Мгновенно всплыл сон на смерть Григория Борзова: война, солдаты, могилы, я - женщина...
- Да, Лика, знаю...
Она как-то сразу сникла, постарела, глаза покраснели.
- Ты, наверное, тоже там насмотрелся, - сказала она, - не приведи, господи, испытать такое кому-то. Да и мне тут досталось.
- Представляю себе.
- Нет, ты далеко не все знаешь. Борзов был, как комок энергии, рубаха-парень во всеобщем представлении, веселый, язва, но никто не знал, что с родителями у него было все шиворот навыворот. Какие-то мрачные, замкнутые люди, особенно мать. Ты пойми меня правильно, здесь не имеет никакого значения, что я - узбечка, мы познакомились во время его службы, занесло же матроса в Ташкент, но мать безумно ревновала Григория ко мне и на поминках обвинила меня в его смерти, так и сказала за столом, что я специально достала ему это сильное лекарство, чтобы сжить его со света. Теперь и на работе косятся, шепчутся за спиной.

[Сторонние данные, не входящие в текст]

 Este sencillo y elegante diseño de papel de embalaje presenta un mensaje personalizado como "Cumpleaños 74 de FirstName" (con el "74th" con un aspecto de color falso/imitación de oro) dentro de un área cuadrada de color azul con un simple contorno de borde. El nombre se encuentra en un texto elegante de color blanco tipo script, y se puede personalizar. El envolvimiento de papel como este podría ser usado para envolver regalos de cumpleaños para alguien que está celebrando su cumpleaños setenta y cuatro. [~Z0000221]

- Перестань, Лика, что за чушь.
- Я-то знаю, что чушь, но разве людей исправишь?
- А Гарик как?
- Второй Борзов. И по выходке и непоседа, сил никаких нет. Каждый день что-нибудь откалывает. Вот смотрю я на него, на его друзей - странное какое-то поколение. Равнодушное. Себе на уме, что ли? Не знаю, но мы, по-моему совсем другие были.
Впрочем, что я тебя спрашиваю, ты же сам еще мальчишка.
- Ничего, Лика, перемелется - мука будет. И не бурчи, тоже мне старуха нашлась. Знаешь, сколько терпения нужно, чтобы вырастить из балбеса человека? Спроси у моих предков.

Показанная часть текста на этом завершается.